= Dataset content =

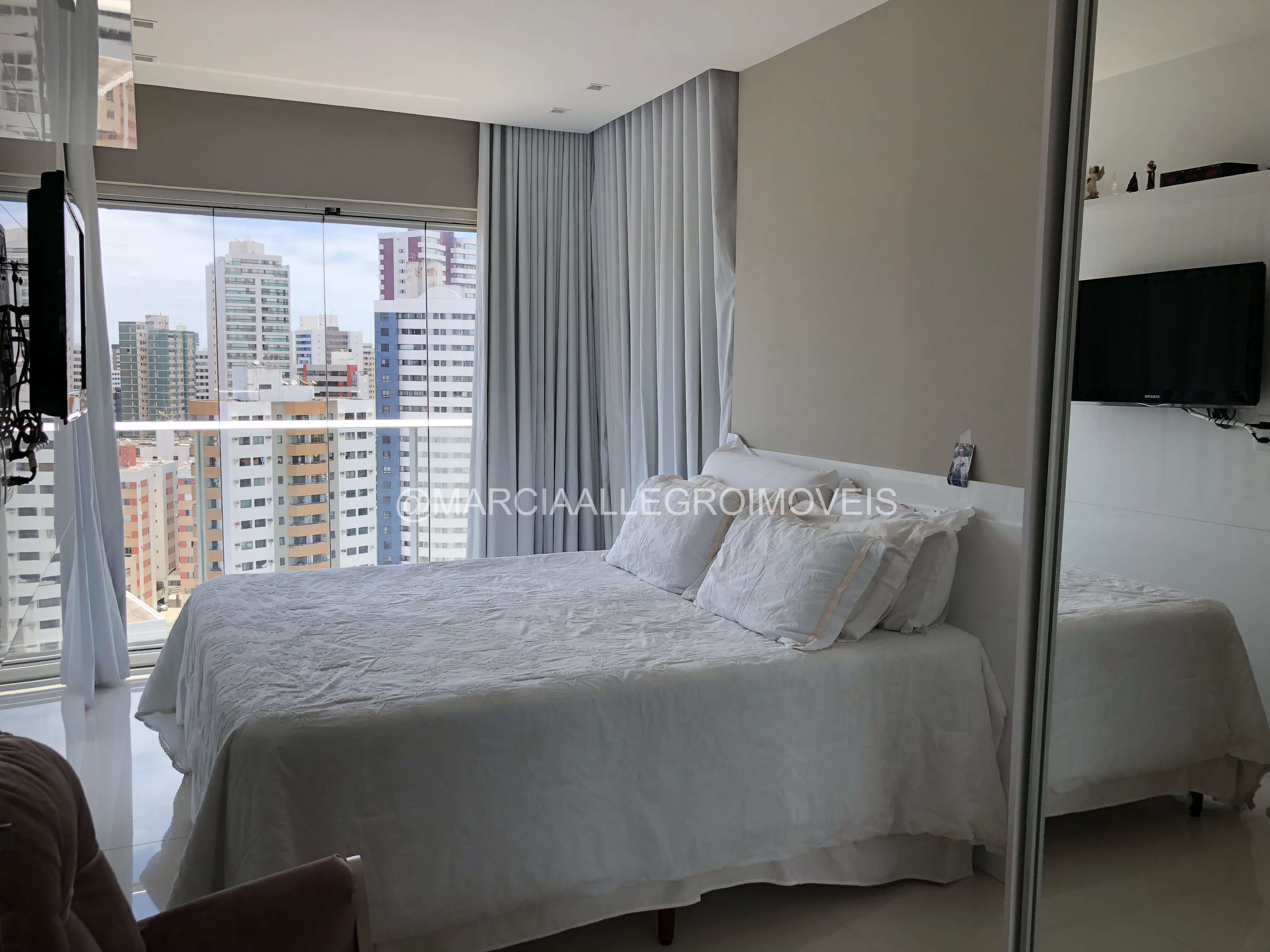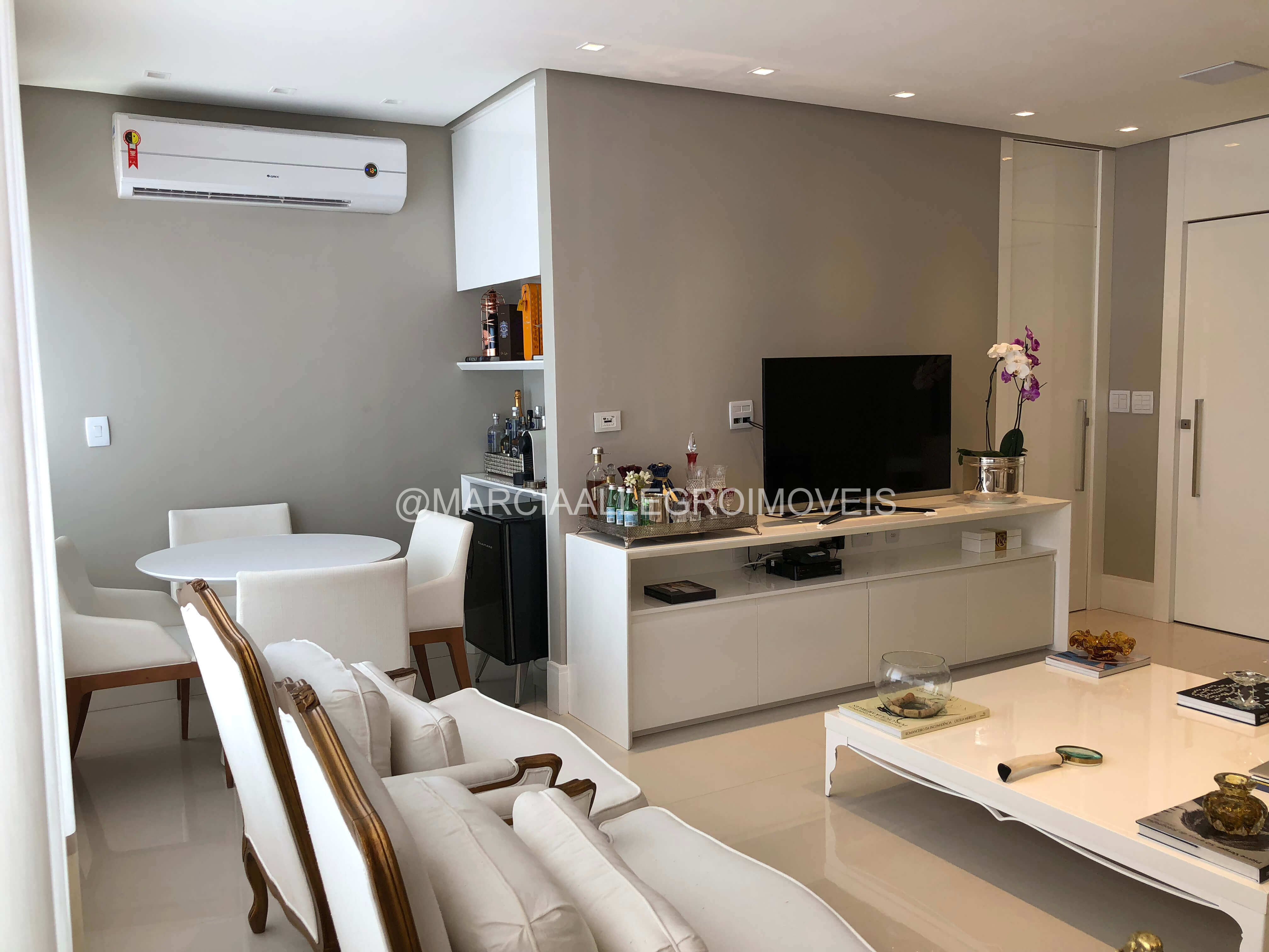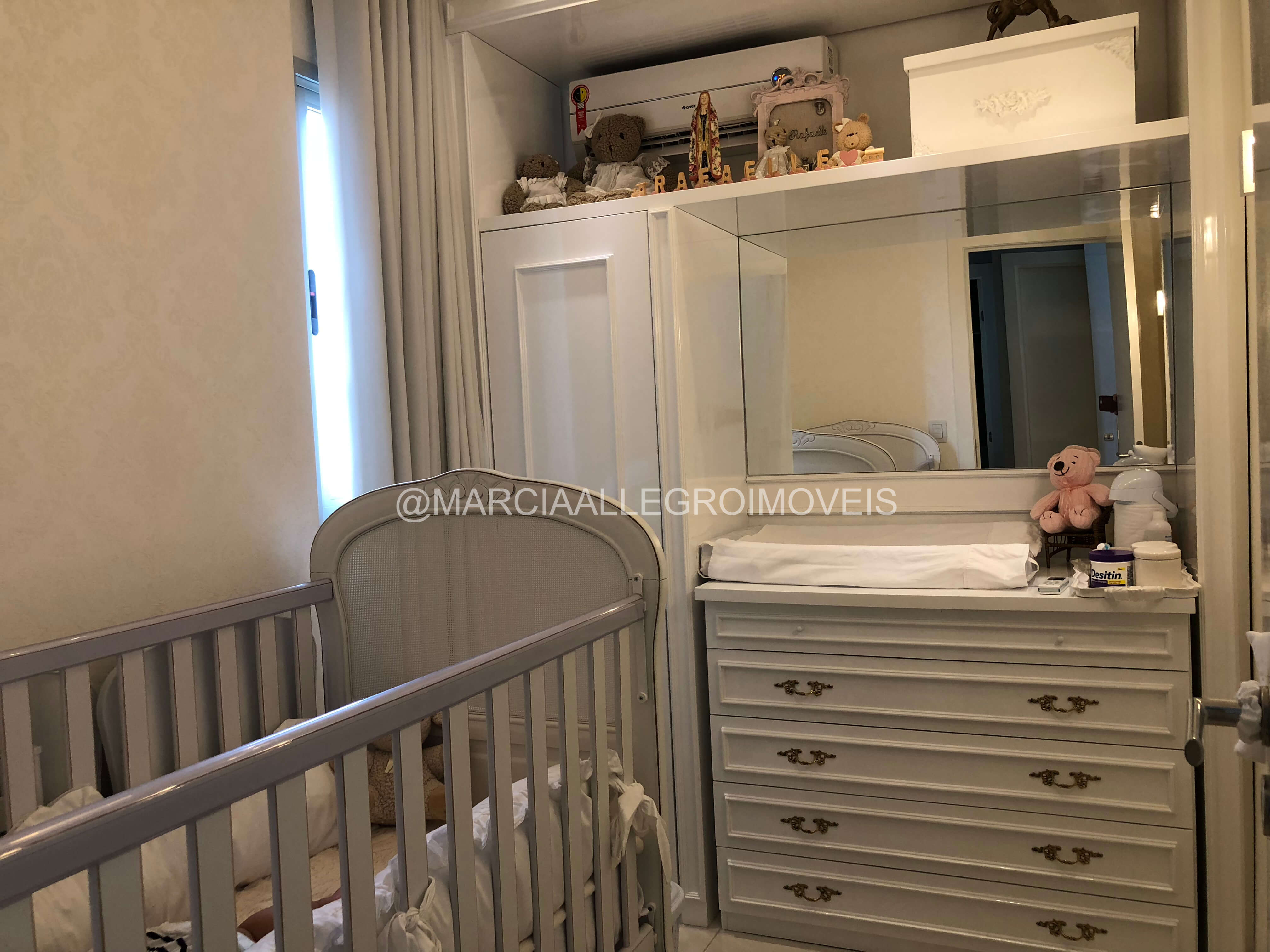 O imóvel possui 2 quartos, 1 suíte com closet, ampla sala integrada com a varanda, cozinha, pequena área de serviço e 2 vagas de garagem.
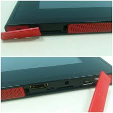 Всі інші порти і елементи управління - на бічних торцях пристрою. Праворуч - кнопки включення / блокування і регулювання гучності, зліва - гніздо 3,5 мм для навушників, під невеликий заглушкою - слот для SIM-карти, а під великий - відразу microSD, microUSB, miniHDMI і кругле, як у старих телефонів, гніздо для зарядки.
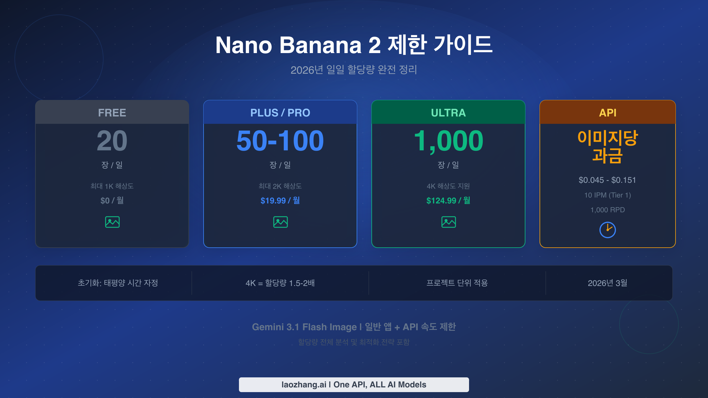 Nano Banana 2 — 공식 명칭 Gemini 3.1 Flash Image — 는 두 가지 완전히 독립된 트랙을 통해 엄격한 일일 할당량을 적용합니다. 무료 Gemini 앱 사용자는 1K 해상도 제한과 함께 하루 약 20장의 이미지를 생성할 수 있습니다. 유료 구독자는 등급에 따라 하루 501,000장을 생성할 수 있으며, 월 $19.99$124.99의 요금이 부과됩니다. API 개발자는 완전히 다른 제한 체계를 따르는데, 무료 등급에서는 이미지 생성이 아예 불가능하며 Tier 1(결제 활성화 필수)에서는 하루 1,000건의 요청과 분당 10장의 이미지 생성이 허용됩니다. 모든 할당량은 태평양 시간 자정에 초기화되며, 4K 이미지를 생성할 경우 표준 512px 출력 대비 최대 3.37배 더 많은 토큰이 소비됩니다.
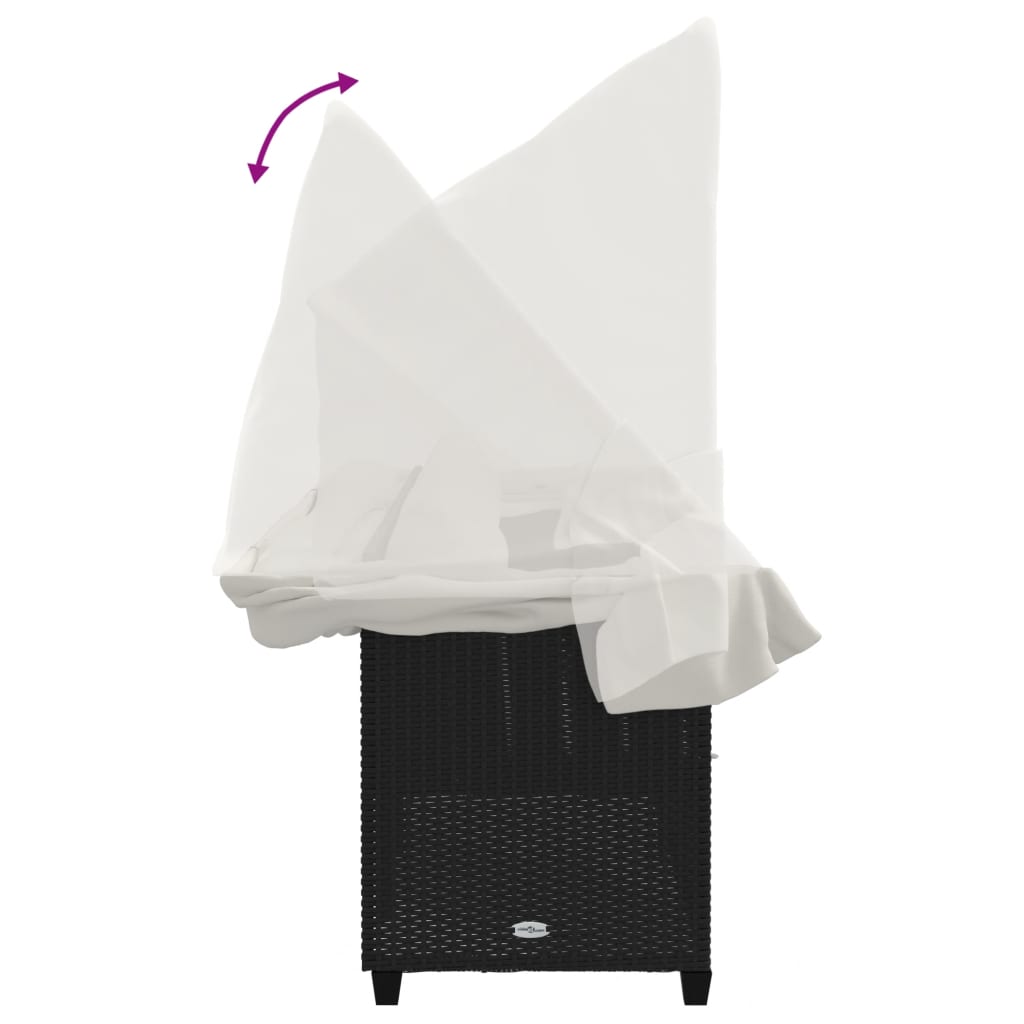 vidaXL Ξαπλώστρα Μαύρη Συνθετικό Ρατάν με Σκίαστρο και Μαξιλάρια
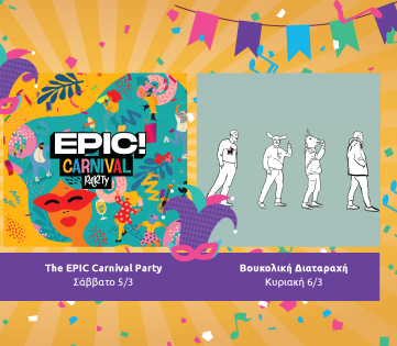 Το καρναβαλικό εορταστικό κλίμα στο Lab Art έχει ξεκινήσει και το Σάββατο βράδυ 5 Μαρτίου το EPIC επιστρέφει στο Βόλο για ένα ΕΚΡΗΚΤΙΚΟ ΚΑΡΝΑΒΑΛΙΚΟ Party!
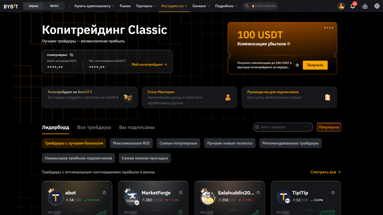 Что касается копитрейдинга Bybit — это еще один любопытный инструмент. Он будет интересен скорее новичкам, так предназначен для тех, кто пока еще не умеет создавать собственные стратегии. Суть в том, что можно копировать сделки успешных трейдеров, выбирая «донора» из специальной таблицы, где указаны достижения игроков на рынке. Опять-же, гарантии, что копипаст сработает нет никакой, даже самые опытные и крутые игроки могут ошибаться, а рынок не всегда предсказуем. Но в принципе, риски есть в любых финансовых сферах.
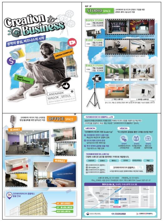 2021년 서울역에 개소한 ‘크리에이터미디어 콤플렉스’는 청년 기업들이 안정적으로 성장할 수 있도록 콘텐츠 제작 및 실시간 방송이 가능한 특화 제작 스튜디오와 독립 사무실 등을 제공하는 복합 공간으로, 미디어 새싹기업(스타트업)의 투자 유치와 사업 확장을 위한 전문 상담(컨설팅)을 진행하고 있다.
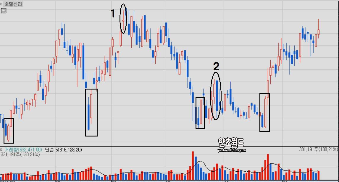 동그라미 2번: 상승추세에 전날 양봉을 감싸는 장대음봉 발생후 상승하지 못하고 횡보.
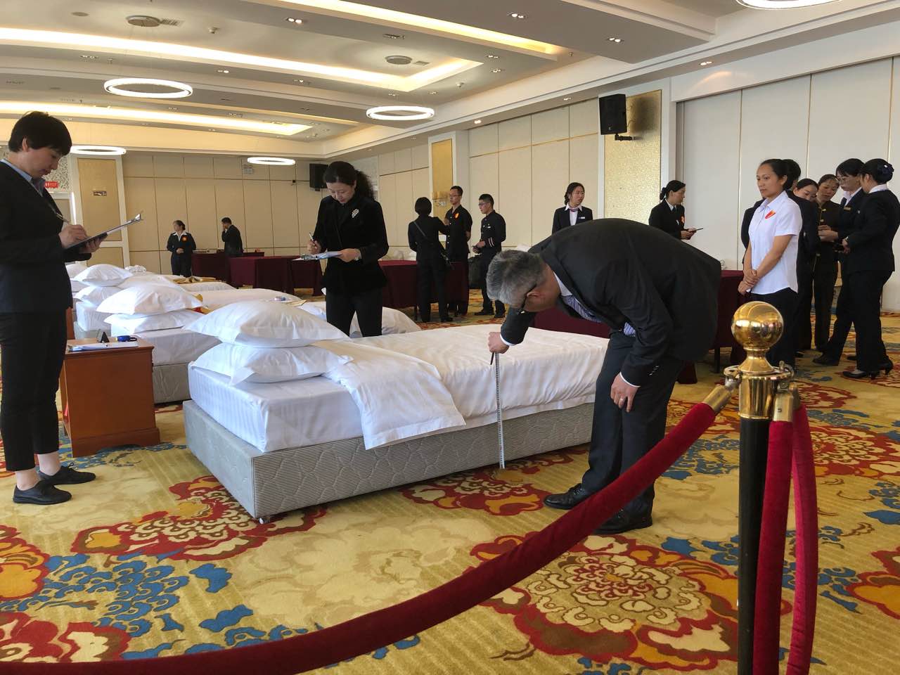 云锡大酒店派出两名客房服务员参加客房中式铺床技能竞赛。该项目要求在7分钟内完成2张中式铺床,评分内容包含仪容仪表、铺床标准、夜床创意。两名选手用娴熟的动作逐一完成了甩单、定位、包角、套被子、枕芯等铺床操作,将一套规范标准美观的床铺展现在大家面前,充分展现了云锡大酒店的服务质素。同时夜床服务用品美观新颖极具个性化,引得观赛人员纷纷观摩拍照。
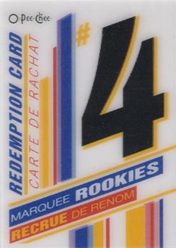 The Cole Perfetti 2021 O-Pee-Chee #RED-4 3 D Marquee Rookies Redemptions card is 1 of 2 Cole Perfetti's card variations in the 2021 O-Pee-Chee set being tracked by Sports Card Investor, including 3 D Marquee Rookies.

= The task =
Return the material from the line containing "Что касается копитрейдинга" through the line containing "동그라미 2번: 상승추세에", exactly and in full, but without its pictures.

= Completed exercise =
 Что касается копитрейдинга Bybit — это еще один любопытный инструмент. Он будет интересен скорее новичкам, так предназначен для тех, кто пока еще не умеет создавать собственные стратегии. Суть в том, что можно копировать сделки успешных трейдеров, выбирая «донора» из специальной таблицы, где указаны достижения игроков на рынке. Опять-же, гарантии, что копипаст сработает нет никакой, даже самые опытные и крутые игроки могут ошибаться, а рынок не всегда предсказуем. Но в принципе, риски есть в любых финансовых сферах.
 2021년 서울역에 개소한 ‘크리에이터미디어 콤플렉스’는 청년 기업들이 안정적으로 성장할 수 있도록 콘텐츠 제작 및 실시간 방송이 가능한 특화 제작 스튜디오와 독립 사무실 등을 제공하는 복합 공간으로, 미디어 새싹기업(스타트업)의 투자 유치와 사업 확장을 위한 전문 상담(컨설팅)을 진행하고 있다.
 동그라미 2번: 상승추세에 전날 양봉을 감싸는 장대음봉 발생후 상승하지 못하고 횡보.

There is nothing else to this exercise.